NVIDIA has been pushing forward in the HPC market very well with CUDA, and PhysX on the desktop uses CUDA to implement hardware accelerated physics. While AMD is a bit behind, we don't see them as hugely lagging either. NVIDIA has some good ground work laid, but the market for GPU computing is still incredibly untapped. Both AMD and NVIDIA are in a good position to take advantage of GPU computing efforts when OpenCL and DriectX 11 come along, and we really do see this effort by both camps to sell GPUs using stream computing as a pitch that is very preliminary.

Software like the Adobe's photoshop perform GPU acceleration using OpenGL. We are at a place where, if a commercial application would significantly benefit from GPU acceleration, software companies still want to develop it once and just have it work. Targeting either NVIDIA through CUDA or AMD through Brook+ is too much of a headache for most software vendors. Having an API (or better yet a choice of APIs) targeted at hardware agnostic GPU computing will kick off the real revolution that both AMD and NVIDIA want their solutions to provide.

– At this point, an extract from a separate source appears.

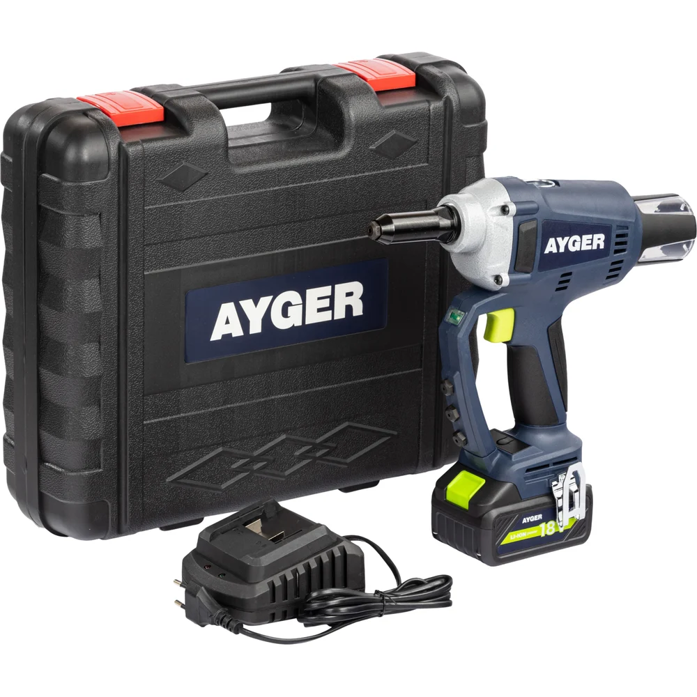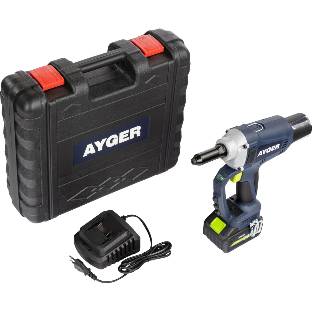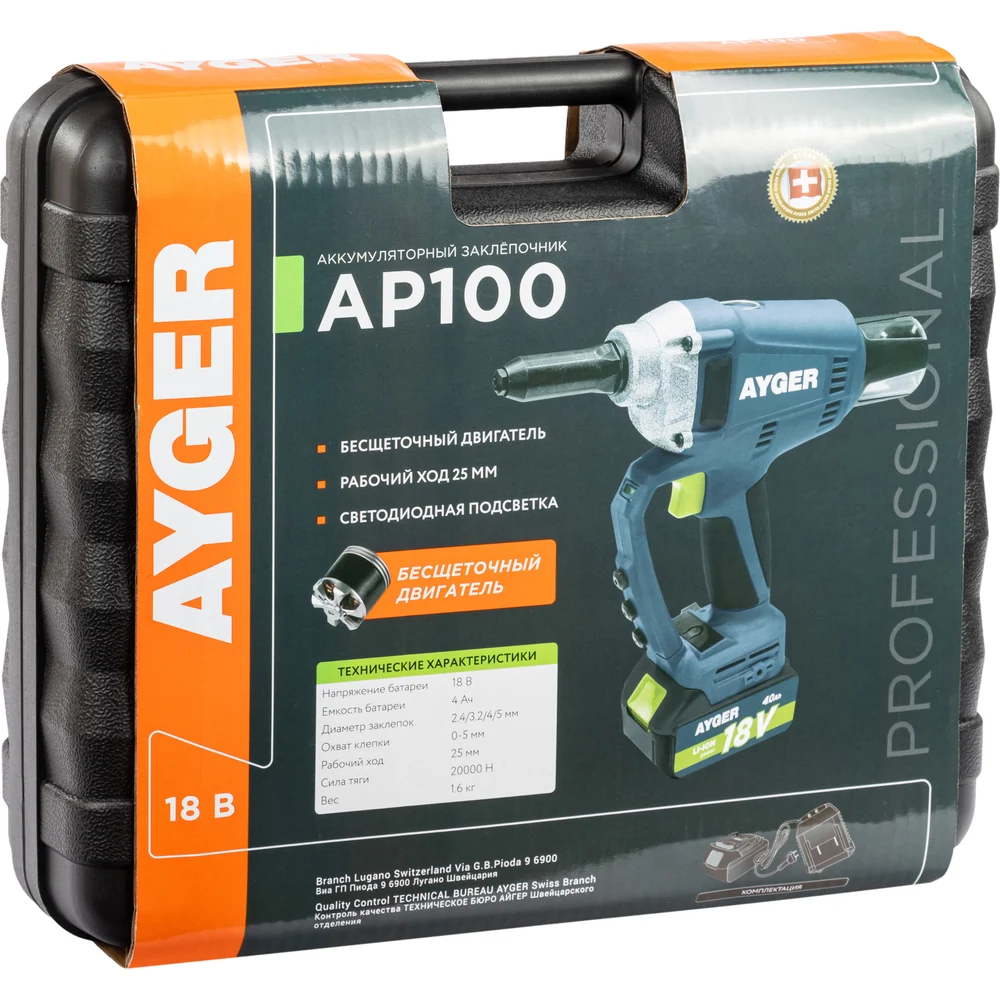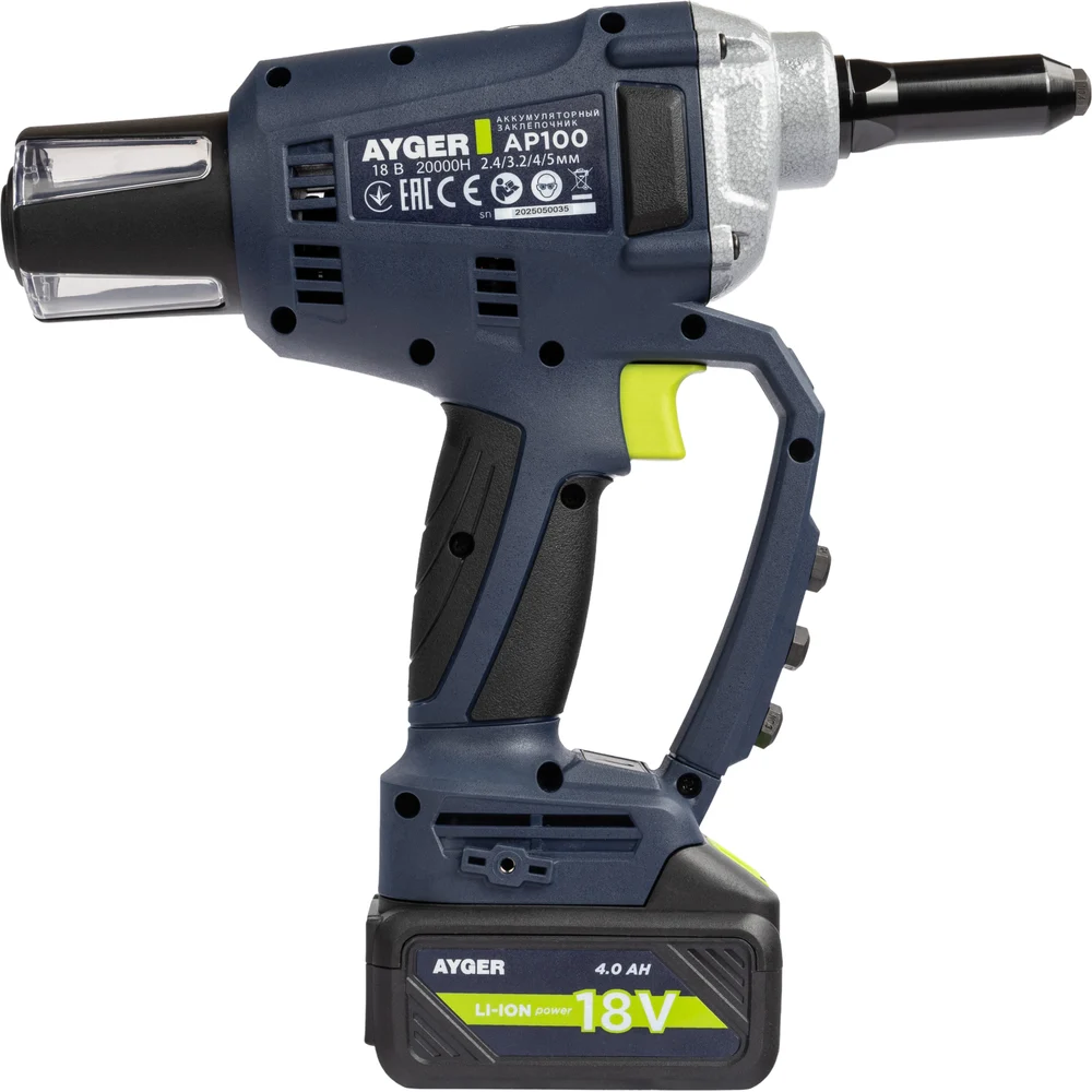 Купить Заклёпочник аккумуляторный AYGER с одним аккумулятором 4Ah AP100 по лучшей цене с доставкой - интернет магазин №1 в России

But ATI Stream isn't the only thing in Catalyst 8.12 that piqued our interest. To show off the inclusion of the new package, AMD built-in a free video transcoder that actually makes use of GPU acceleration. It is somewhat limited (as is the Badaboom package that runs on NVIDIA hardware), but free is always a nice price. We will compare what you get with the Avivo Video Converter to Badaboom, but we must remind our readers that these are distinct applications that approach the problem of video encoding in different ways and thus a direct comparison isn't as telling as if we could run the same code on both hardware platforms. It's sort of like comparing Unreal Tournament 3 performance on AMD hardware to Enemy Territory: Quake Wars performance on NVIDIA hardware. We've got to look at what is being done, the quality of the output, and we must consider the fact that completely different approaches are likely to have been used by each development team.

The final bit of goodness in the 8.12 driver are some performance tweaks in some apps and fixes for performance and CrossFire in Far Cry 2. There were quite a number of unresolved issues we had to deal with especially on our Core i7 systems that we needed to run down. We'll let you know what issues remain in the following pages as well. This driver release has been highly anticipated not only by reviewers, but by consumers awaiting the merging of older hot fixes into a WHQL driver. We have high hopes, and we'll see if AMD has delivered something that meets our expectations.

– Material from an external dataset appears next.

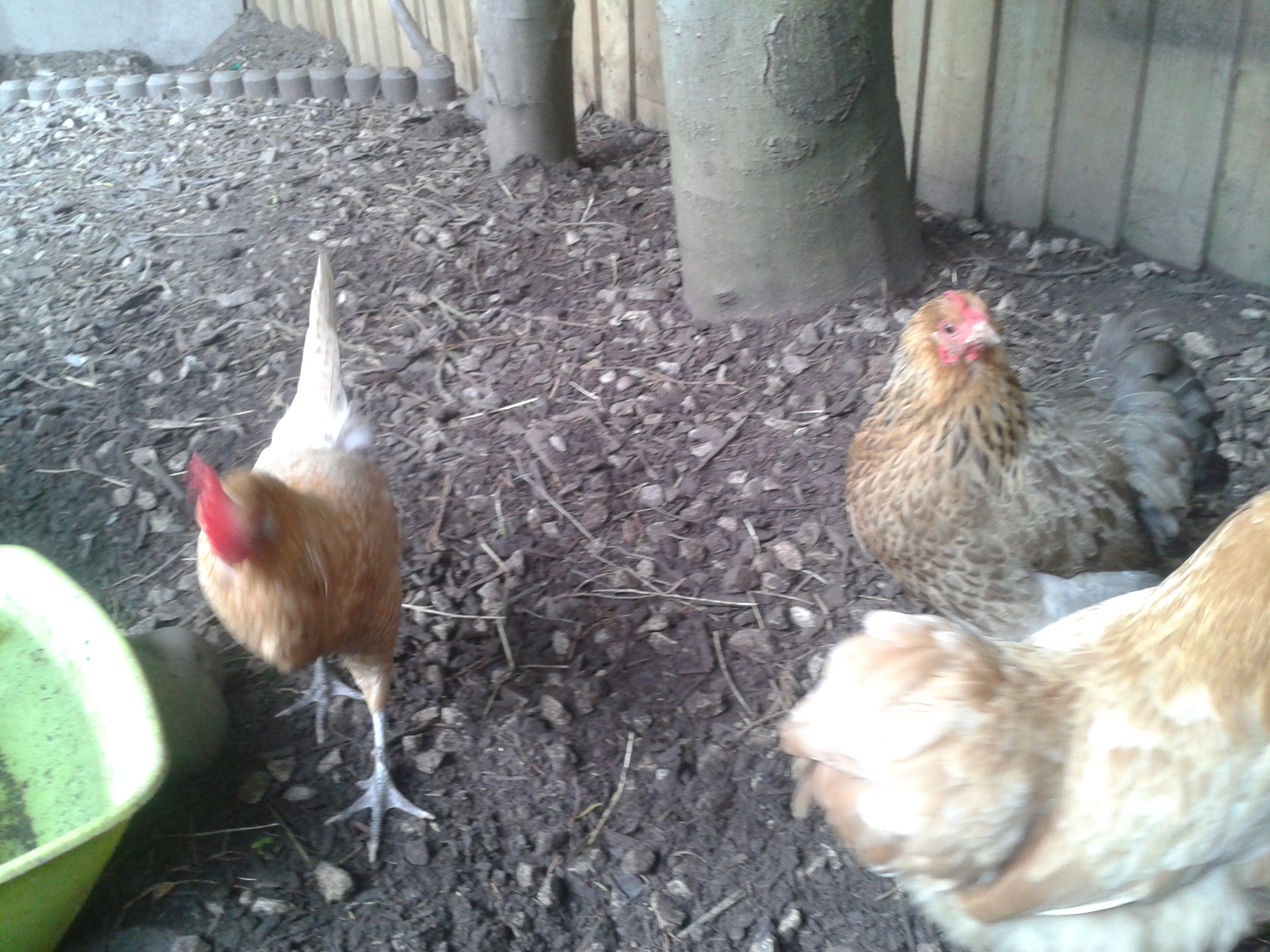 Heidi, Holly and Bo… Sunny was busy laying an egg!!

But first, let's go a little deeper into ATI Stream and CUDA and take a look at the competing video transcoding offerings now available.

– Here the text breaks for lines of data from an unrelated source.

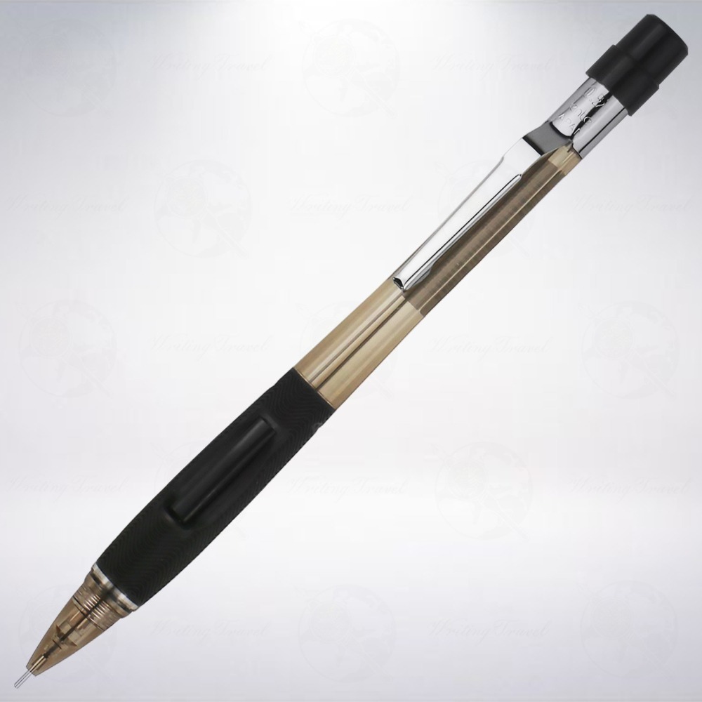 「Pentel」公司旗下十分經典的自動鉛筆系列。出芯按鈕位置設置在波浪形紋路的握位上,使用時只要輕鬆按壓即可出芯,橡膠的材質不易打滑,可以讓手牢牢握住。通透的筆身,也增添許多機械感。
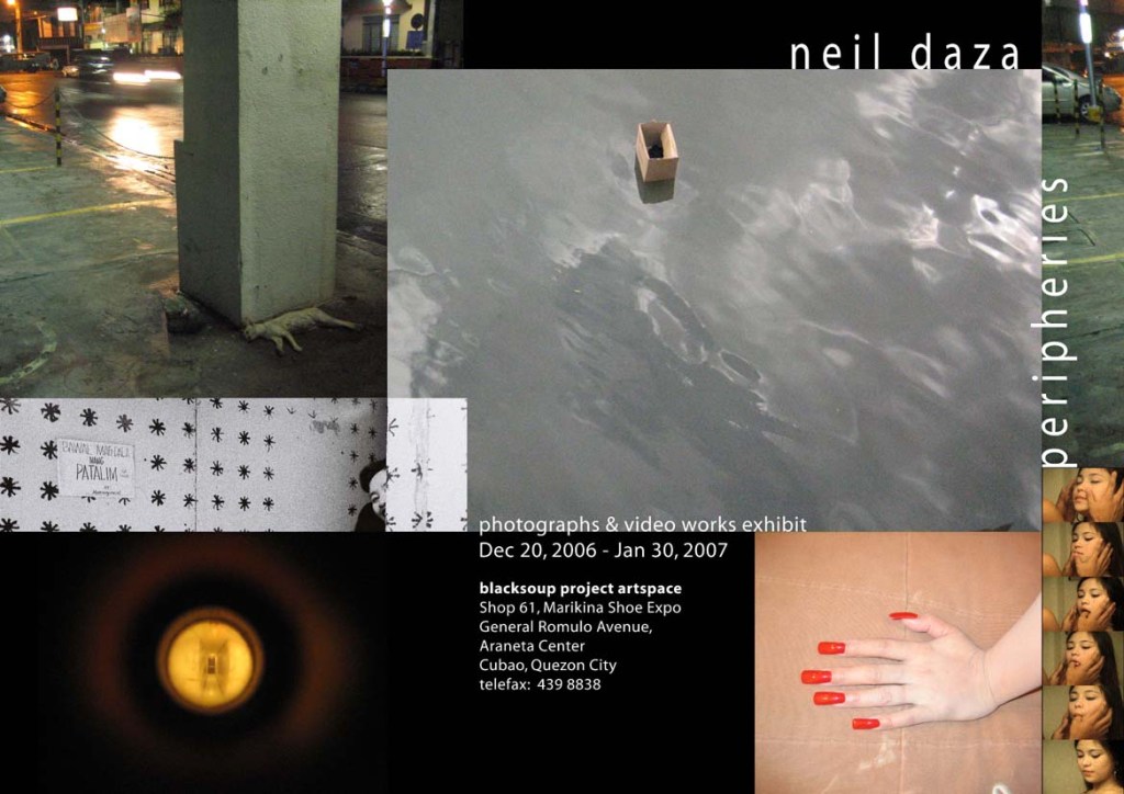A dog sprawled along a busy street, bloodied and lifeless. An aged taxi driver by his wheels perpetually in search of a passenger. A transsexual in Malate displaying evidence of his instant sex change. These are just some of the most striking images from the visual chronicle of Neil Daza, filmmaker and photographer, titled “Peripheries,” opening Dec. 20 at the Black Soup Art Space (former Cubao Shoe Expo, Quezon City).
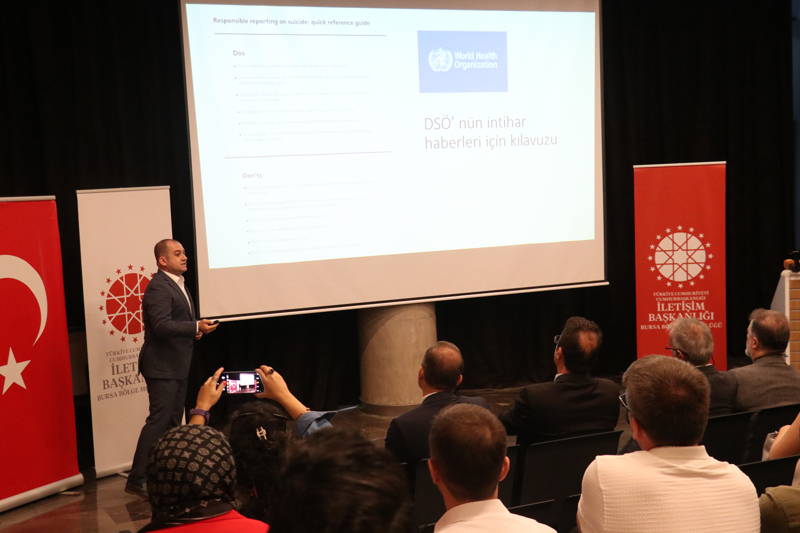 İl Sağlık Müdürü Dr. Orkun Yıldırım'ın selamlama konuşması yaptığı, Gemlik Devlet Hastanesinde görevli Psikiyatri Uzmanı Dr. Mustafa Akan da "Medyada Yer Alan İntihar ve Bağımlılık Haberlerinin Toplum Ruh Sağlığına Etkileri" konulu sunumu gerçekleştirdiği etkinlik, toplu fotoğraf çektirilmesiyle sona erdi.
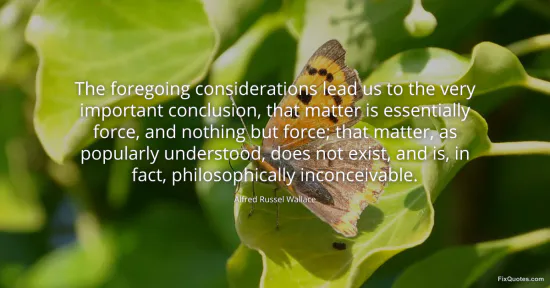 Wallace doesn’t just tweak a definition of matter here; he pulls a trapdoor under the reader’s everyday common sense. The opening - “foregoing considerations” - is the Victorian scientist’s way of saying: this isn’t a vibe, it’s a deduction. He frames the claim as the inevitable endpoint of disciplined reasoning, then detonates the folk picture of the world: solid stuff, little lumps of “something” moving around in space. Calling matter “philosophically inconceivable” isn’t an idle provocation. It’s a power move aimed at an audience still tempted by blunt materialism as the default scientific posture.
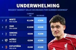 去年夏窗新援身价下跌榜:维尔茨-3000万欧居首,伊萨克-2000万欧

ATI Stream vs. NVIDIA CUDA

ATI and NVIDIA both know that ubiquitous GPU computing is the future for all data parallel tasks. Computer graphics is one of the most heavily parallel tasks around. It also happens to be a problem that easily lends itself to parallelization because of how independent the parallel tasks can be. These two factors, plus demand for high quality graphics, are what made the consumer GPU industry explode in it's dozen years of existence. While the GPGPU (general purpose use of GPUs) philosophy has been around for a while, the advent of using the GPU for general data parallel tasks has been slow on the uptake in the main stream. This has not only to do with the fact that there were no specialized tools available (developers needed to shoehorn algorithms into OpenGL or DirectX and "draw" triangles to solve problems), but was further complicated by the fact that GPU architecture did not lend itself to the implementation of many useful data parallel algorithms.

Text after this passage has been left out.